**Work request**
Retype, without changes, every line from the line that contains "中学生クラス スタート練習をしているところです。 スムーズにスタートできるように試行錯誤しながら各自練習に取り組みました。" through the final line of the records. Exclude pictures.

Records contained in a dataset

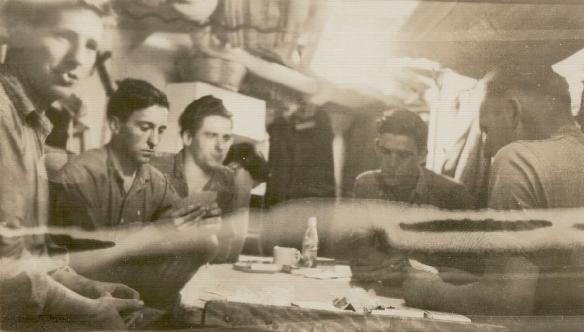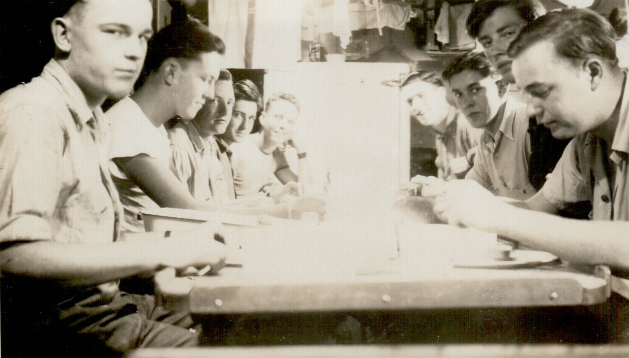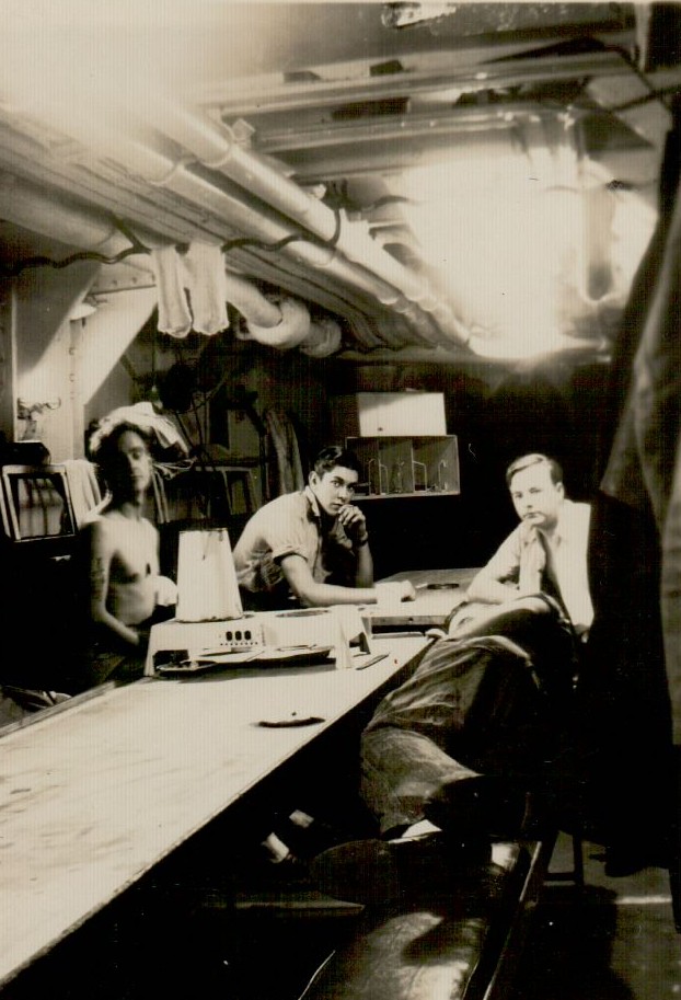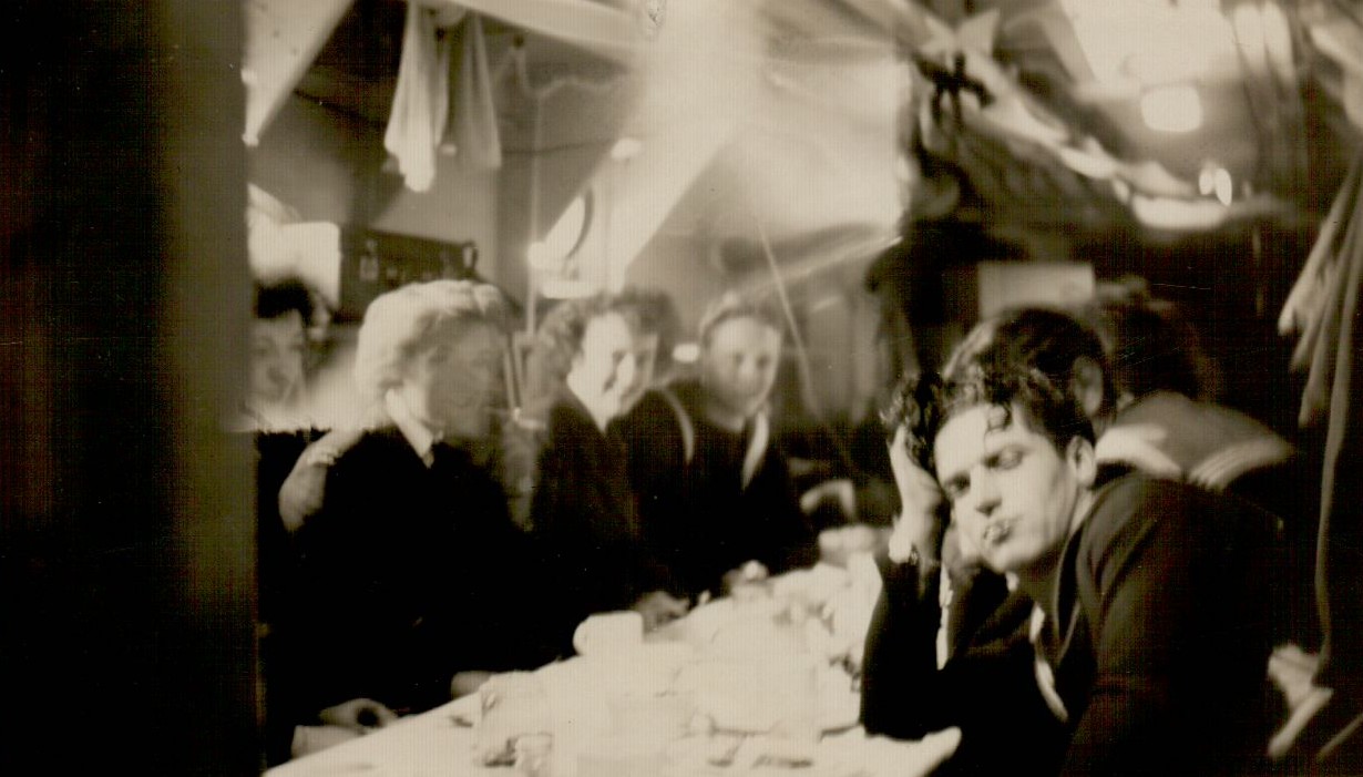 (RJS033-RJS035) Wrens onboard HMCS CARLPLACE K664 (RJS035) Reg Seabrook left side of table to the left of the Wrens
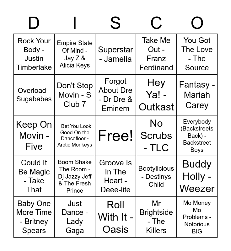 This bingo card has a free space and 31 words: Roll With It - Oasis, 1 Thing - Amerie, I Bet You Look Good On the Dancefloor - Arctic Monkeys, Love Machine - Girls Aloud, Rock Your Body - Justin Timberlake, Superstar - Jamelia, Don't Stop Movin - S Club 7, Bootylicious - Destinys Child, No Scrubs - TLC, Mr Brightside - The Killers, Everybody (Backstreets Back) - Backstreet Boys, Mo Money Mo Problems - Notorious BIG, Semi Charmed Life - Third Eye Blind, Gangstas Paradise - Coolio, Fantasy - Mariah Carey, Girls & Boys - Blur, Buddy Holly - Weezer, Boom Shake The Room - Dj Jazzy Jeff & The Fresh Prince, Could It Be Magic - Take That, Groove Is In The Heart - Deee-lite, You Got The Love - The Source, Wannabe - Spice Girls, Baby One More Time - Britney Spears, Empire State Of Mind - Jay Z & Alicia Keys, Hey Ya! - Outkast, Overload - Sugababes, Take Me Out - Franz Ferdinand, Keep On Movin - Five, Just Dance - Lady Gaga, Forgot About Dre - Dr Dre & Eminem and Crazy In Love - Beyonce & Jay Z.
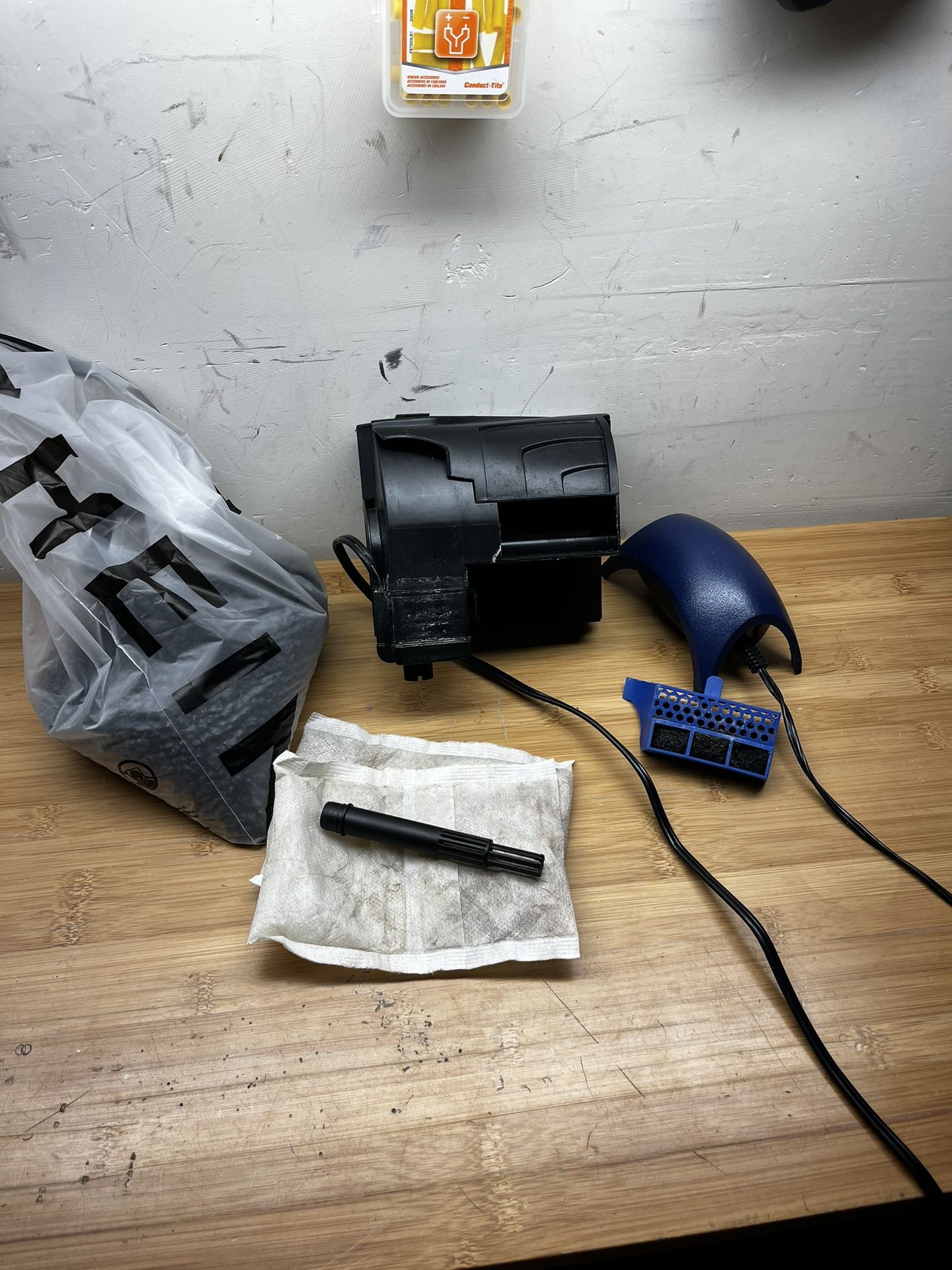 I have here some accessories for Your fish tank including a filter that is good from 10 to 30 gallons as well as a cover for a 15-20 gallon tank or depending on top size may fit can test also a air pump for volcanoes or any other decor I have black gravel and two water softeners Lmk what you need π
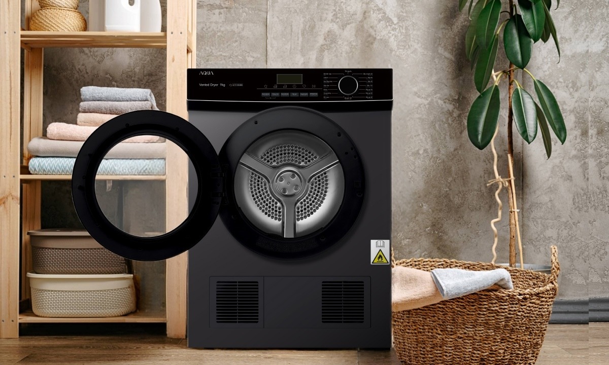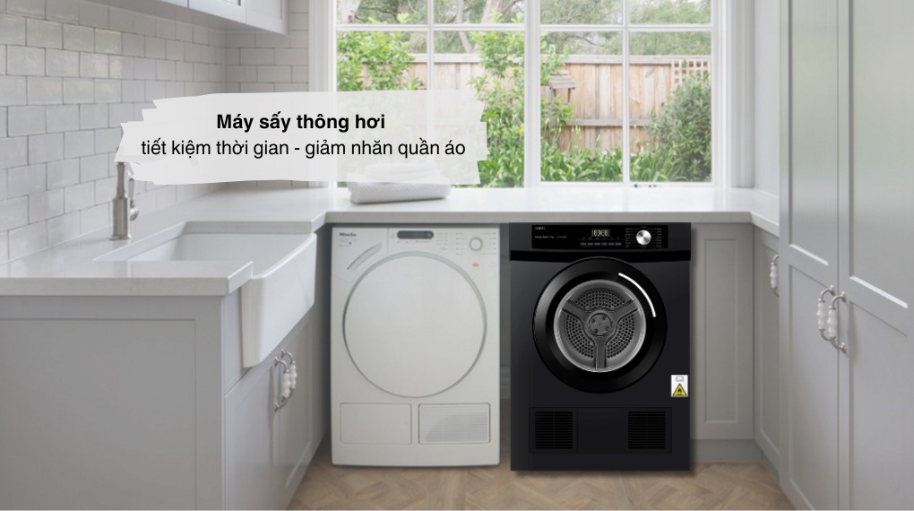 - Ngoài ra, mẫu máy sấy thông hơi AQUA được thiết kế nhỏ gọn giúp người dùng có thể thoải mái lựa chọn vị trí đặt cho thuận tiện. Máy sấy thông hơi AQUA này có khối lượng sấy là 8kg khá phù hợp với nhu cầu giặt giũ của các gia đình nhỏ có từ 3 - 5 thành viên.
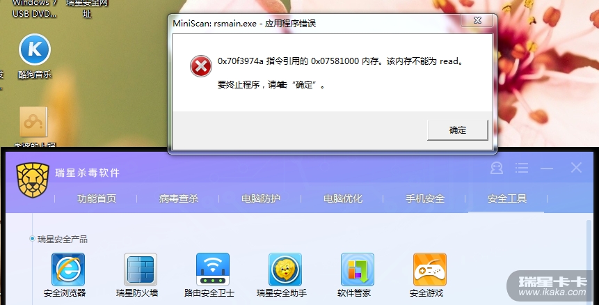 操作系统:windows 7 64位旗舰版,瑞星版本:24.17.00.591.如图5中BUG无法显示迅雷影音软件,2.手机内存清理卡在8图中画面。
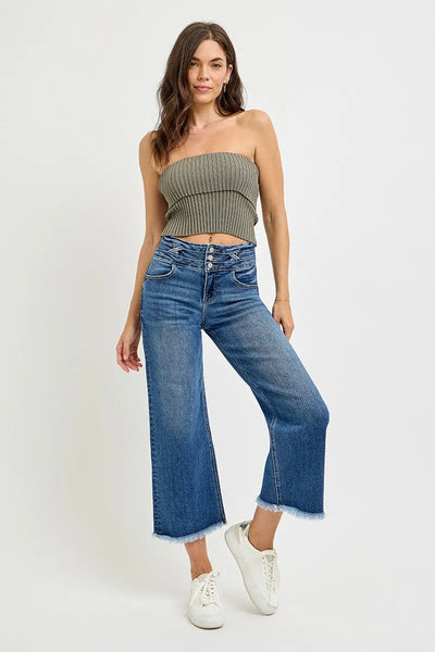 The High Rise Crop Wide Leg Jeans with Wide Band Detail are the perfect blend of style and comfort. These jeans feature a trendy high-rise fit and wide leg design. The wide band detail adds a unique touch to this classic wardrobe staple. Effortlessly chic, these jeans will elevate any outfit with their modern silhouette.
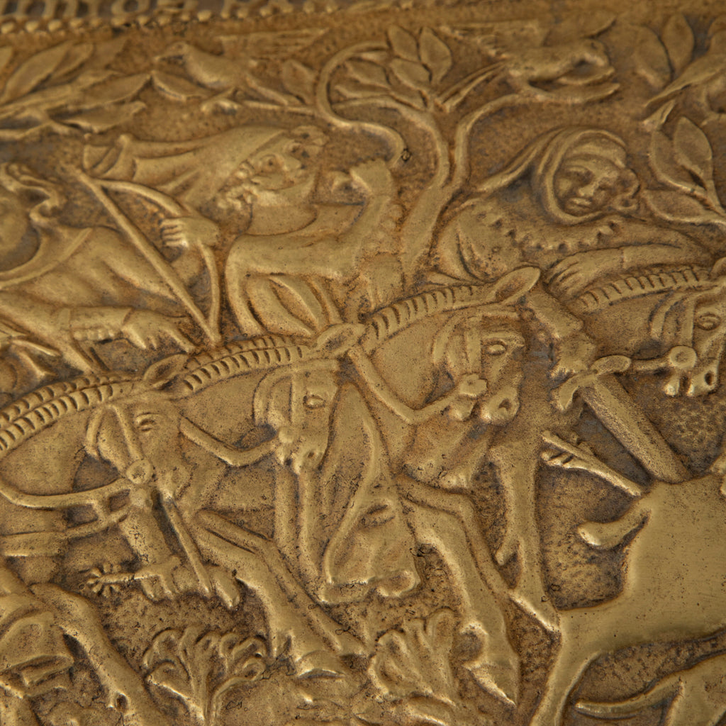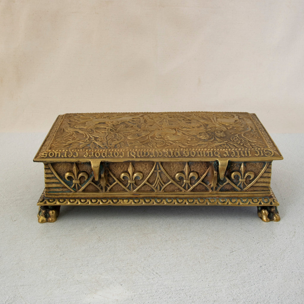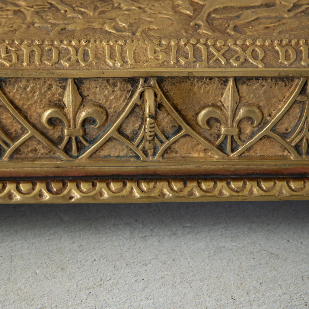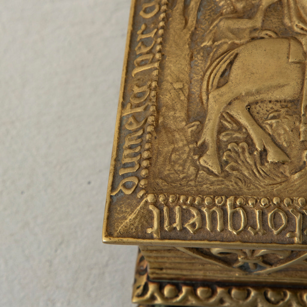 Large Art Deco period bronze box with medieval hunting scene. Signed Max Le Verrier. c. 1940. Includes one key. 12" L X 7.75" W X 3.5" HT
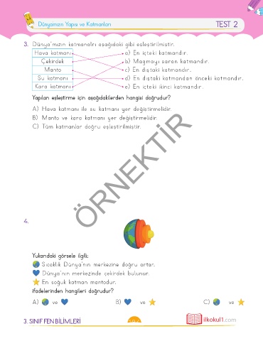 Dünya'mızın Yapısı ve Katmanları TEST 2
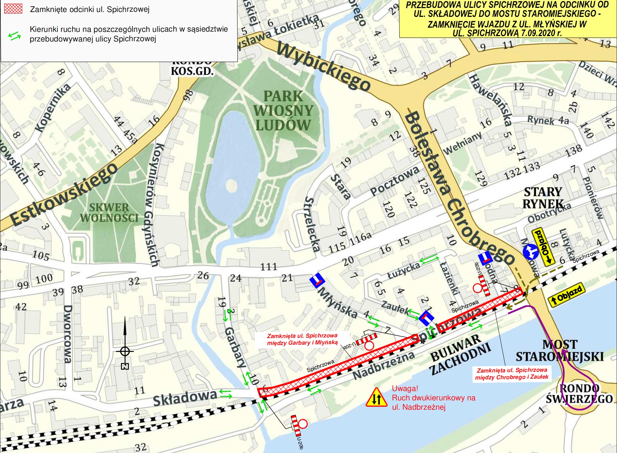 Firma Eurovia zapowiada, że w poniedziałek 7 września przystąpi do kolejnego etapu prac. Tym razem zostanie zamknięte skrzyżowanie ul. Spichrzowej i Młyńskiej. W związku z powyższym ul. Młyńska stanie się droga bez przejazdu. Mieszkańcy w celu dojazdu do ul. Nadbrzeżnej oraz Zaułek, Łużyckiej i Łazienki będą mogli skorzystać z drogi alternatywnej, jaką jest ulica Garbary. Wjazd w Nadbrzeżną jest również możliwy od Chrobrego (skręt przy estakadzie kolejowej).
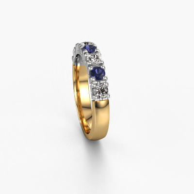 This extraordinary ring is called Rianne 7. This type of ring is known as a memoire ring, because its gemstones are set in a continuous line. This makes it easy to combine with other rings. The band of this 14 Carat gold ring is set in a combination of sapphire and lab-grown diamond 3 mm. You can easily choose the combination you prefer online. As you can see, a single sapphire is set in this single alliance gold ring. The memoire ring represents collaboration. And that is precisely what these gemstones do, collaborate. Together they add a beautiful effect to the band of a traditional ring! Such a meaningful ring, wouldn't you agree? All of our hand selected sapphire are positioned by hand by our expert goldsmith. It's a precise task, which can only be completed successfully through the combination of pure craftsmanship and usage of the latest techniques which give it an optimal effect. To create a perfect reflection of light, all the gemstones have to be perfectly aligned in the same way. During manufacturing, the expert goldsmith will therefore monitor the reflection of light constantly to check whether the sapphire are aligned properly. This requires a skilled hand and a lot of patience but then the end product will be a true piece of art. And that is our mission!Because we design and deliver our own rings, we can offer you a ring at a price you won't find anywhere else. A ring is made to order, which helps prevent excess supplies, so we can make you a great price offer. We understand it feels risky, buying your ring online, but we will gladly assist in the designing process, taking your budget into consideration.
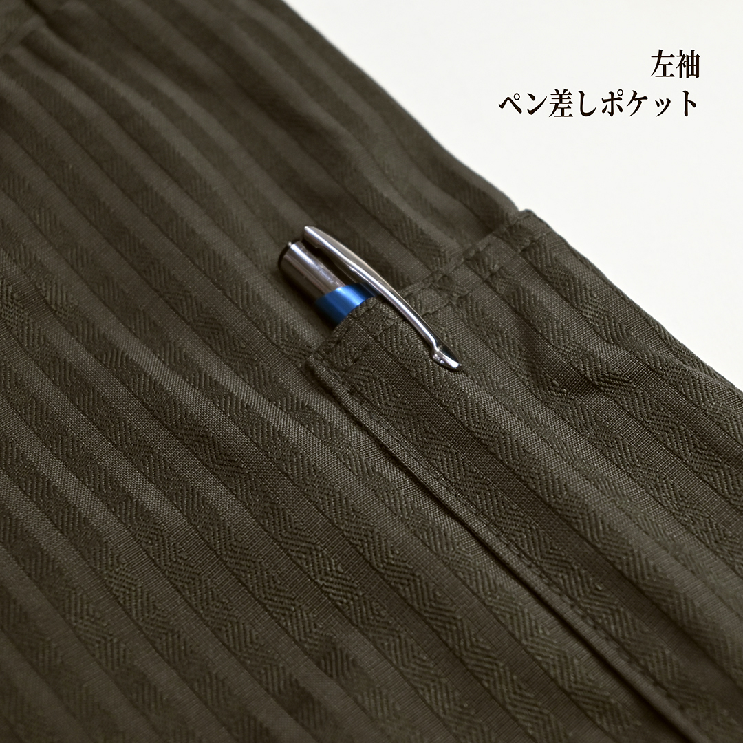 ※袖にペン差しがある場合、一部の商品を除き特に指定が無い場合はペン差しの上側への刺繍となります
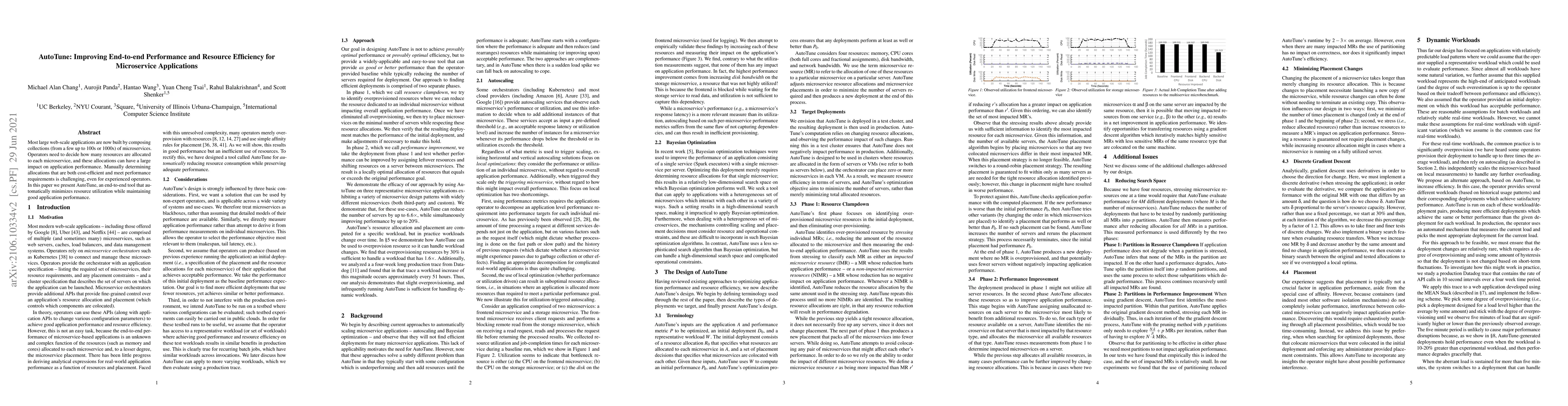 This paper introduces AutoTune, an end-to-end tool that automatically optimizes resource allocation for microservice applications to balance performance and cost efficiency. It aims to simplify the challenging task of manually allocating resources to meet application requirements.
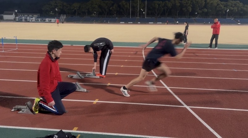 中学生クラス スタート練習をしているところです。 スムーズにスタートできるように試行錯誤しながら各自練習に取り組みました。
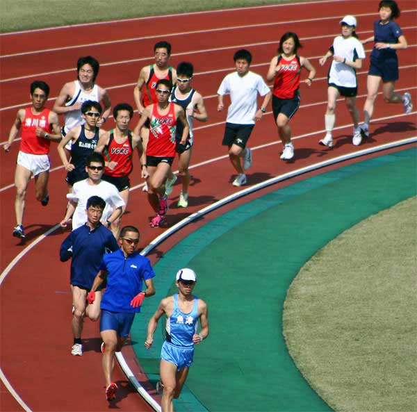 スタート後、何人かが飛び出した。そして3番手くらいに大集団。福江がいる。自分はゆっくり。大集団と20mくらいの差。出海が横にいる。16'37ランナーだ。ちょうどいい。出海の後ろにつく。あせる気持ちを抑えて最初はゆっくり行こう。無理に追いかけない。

**Answer section**
 中学生クラス スタート練習をしているところです。 スムーズにスタートできるように試行錯誤しながら各自練習に取り組みました。
 スタート後、何人かが飛び出した。そして3番手くらいに大集団。福江がいる。自分はゆっくり。大集団と20mくらいの差。出海が横にいる。16'37ランナーだ。ちょうどいい。出海の後ろにつく。あせる気持ちを抑えて最初はゆっくり行こう。無理に追いかけない。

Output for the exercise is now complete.